Authors: Barbara Cleverly
‘Taking orders from Honeysett,’ Lily murmured. ‘That shows a certain single-mindedness.’
‘What it shows is stamina,’ Hopkirk interrupted. ‘I’ve seen hotel kitchens. Not places for the faint hearted and gently bred. She’ll be a strong lass, then!’
‘Indeed. And she’s able to pass as Russian. I think we may be looking for an actress. Someone who can use a variety of convincing accents to approach her prey. A stalker, a hunter. Skilled at blending in with her background.’
‘A sower of discord and a spreader of mayhem,’ said Hopkirk. ‘What’s her score to date? From where we started counting, that is,’ he added lugubriously. ‘And we may be swinging in a little after the beat. Three dead, as far as we know: an admiral, a London bobby and a Serbian prince; and two critically injured: the butler and the cabby. A bloody-handed goddess of death and destruction. She’s a Morrigan, all right.’

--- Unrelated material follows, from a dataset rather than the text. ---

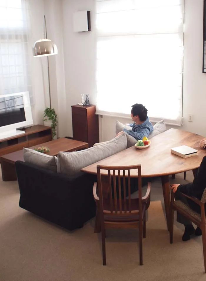 沙發(fā)后面也是可利用的區(qū)域,用餐不耽誤看電視,別看只有小小一塊區(qū)域,但對(duì)于三口之家來說足夠了,還能兼顧辦公。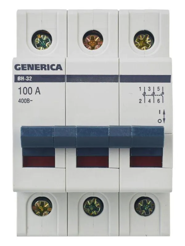 | Наименование производителя | Выключатель нагрузки (мини-рубильник) ВН-32 3Р 100А GENERICA | |

Lily’s voice interrupted the descending gloom. ‘Sir. One thing we might try … I think someone ought to have a word with Princess Ratziatinsky.’
‘Would you like to undertake that task yourself, Wentworth? I was going to tell you to take the day off tomorrow … that is to say – today … but if you feel like it … Good. I’ll give you the address and ring ahead to make an appointment. It’s not far – somewhere in Kensington. I’ll try for midday. She won’t be receiving before that hour, I should imagine. Not after the night she’s had.’
‘Will the princess appreciate a police presence on her doorstep, sir?’ Bacchus wanted to know. ‘In her aristocratic quarter of town? On a Sunday morning?’
‘Almost certainly not. Mufti, Wentworth. Put a little frock on. Assume you’re front-door calling company. Do you have a calling card? No? I think we can provide. Bacchus? That forger of yours? That idiosyncratic printer over whose dubious production skills we have at times exercised a little influence?’
‘Sam? Got out six months ago. And, yes, he’s still on the hook.’
‘Good. Get him out of bed and give him a rush order. Our own press won’t be up and running until nine.’ Sandilands scribbled a note and passed it to Bacchus.
‘Now, Wentworth. What were you planning to ask the princess?’
‘I shall ask her to give me a name, sir. She’ll have kept a list of all the people who attended last night.’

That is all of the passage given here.